Delayed cerebral ischemia (DCI) causing cerebral infarction remains a significant cause of morbidity and mortality following aneurysmal subarachnoid hemorrhage (aSAH). Early brain injury in the first 72 hours following rupture is likely to play a key role in the pathophysiology underlying DCI but remains difficult to quantify objectively. Current diagnostic modalities are based on the concept of vasoconstriction causing cerebral ischemia and infarction and are either invasive or have a steep learning curve and user variability. The authors sought to determine whether saccadic eye movements are impaired following aSAH and whether this measurement in the acute period is associated with the likelihood of developing DCI.
As part of a prospective, observational cohort study, 24 male and female patients (mean age 53 years old, range 31–70 years old) were recruited. Inclusion criteria included presentation with World Federation of Neurosurgical Societies (WFNS) Grades 1 or 2 (“good grade”) aSAH on admission and endovascular treatment within 72 hours of aneurysmal rupture. DCI and DCI-related cerebral infarction were defined according to consensus guidelines. Saccadometry data were collected at 3 time points in patients: in the first 72 hours, between Days 5 and 10, and at 3 months after aSAH. Data from 10 healthy controls was collected on 1 occasion for comparison.
Age-adjusted saccadic latency in patients was significantly prolonged in the first 72 hours following aSAH when compared with controls (188.7 msec [95% CI 176.9–202.2 msec] vs 160.7 msec [95% CI 145.6–179.4 msec], respectively; p = 0.0054, t-test).
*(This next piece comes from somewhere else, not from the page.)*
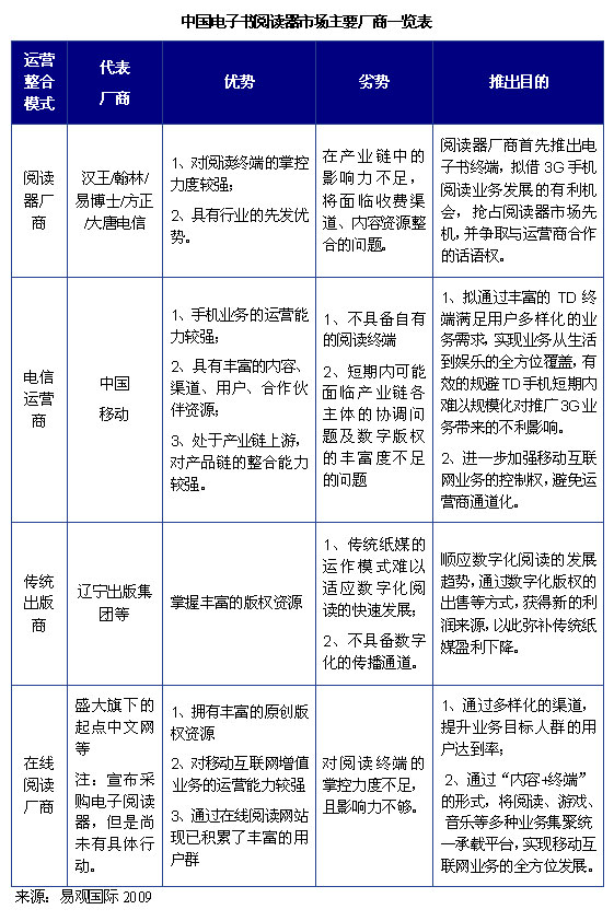 International)分析認(rèn)為,目前中國電子書市場以閱讀器廠商及電信運(yùn)營商兩種力量為主導(dǎo),此外還包括傳統(tǒng)出版商、在線閱讀廠商等其他力量。對現(xiàn)有各種運(yùn)營模式的企業(yè)分析如下:
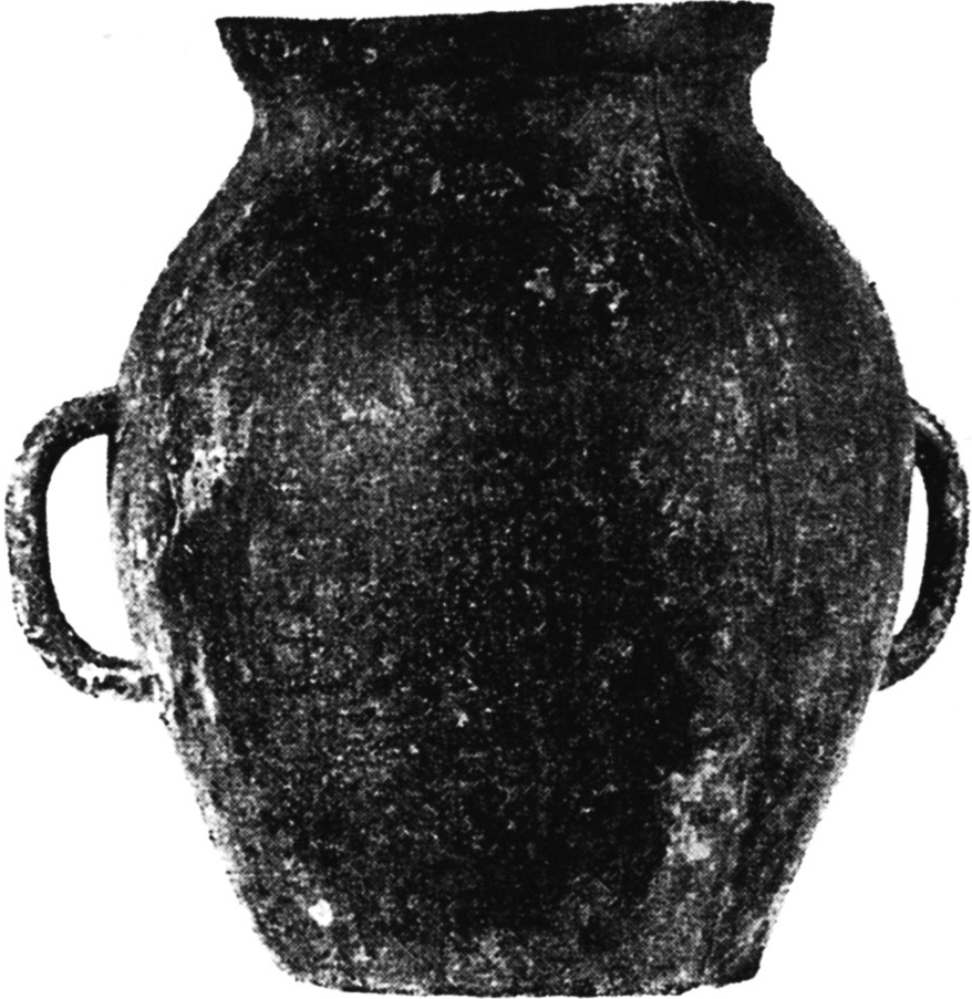 这釜和陈纯釜、左关同是一八五七年山东胶县灵山卫出土。《两周金文辞大系图录》和《齐量》(上海博物馆一九五九年编印)著录。现藏中国历史博物馆。高三十八点五厘米,口径二十二点三厘米,腹径三十一点八厘米,底径十九厘米。实测容水二万零四百六十毫升。腹壁刻有铭文九行,是说子禾子命令某某往告陈得,左关釜以仓廪之釜为标准,关

By 3 months after aSAH, there was no significant difference in median saccadic latency compared with controls (188.7 msec [95% CI 176.9–202.2 msec] vs 180.0 msec [95% CI 165.1–197.8 msec], respectively; p = 0.4175, t-test). Patients diagnosed with cerebral infarction due to DCI had a significantly higher age-adjusted saccadic latency in the first 72 hours than those without infarction (240.6 msec [95% CI 216.7–270.3 msec] vs 204.1 msec [95% CI 190.7–219.5 msec], respectively; p = 0.0157, t-test). This difference was more pronounced during Days 5–10 following aSAH, the peak incidence for DCI (303.7 msec [95% CI 266.7–352.7 msec] vs 207.6 msec [95% CI 193.7–223.6 msec], respectively; p < 0.0001, t-test). A binary generalized linear model showed that latency in the first 72 hours was the only significant predictor of cerebral infarction (p = 0.0185).
This is the first study to use saccadometry to measure the saccadic latency of eye movements in patients with aSAH during the acute period following aneurysm rupture. The results showed that median saccadic latency is associated with the risk of developing cerebral infarction due to DCI and may act as a potential objective biomarker to guide the need for intensive care admission and treatment. Future studies will look to formally validate saccadic latency as a biomarker of DCI in a larger cohort and assess whether the addition of saccades improves current clinical models for predicting patients at risk.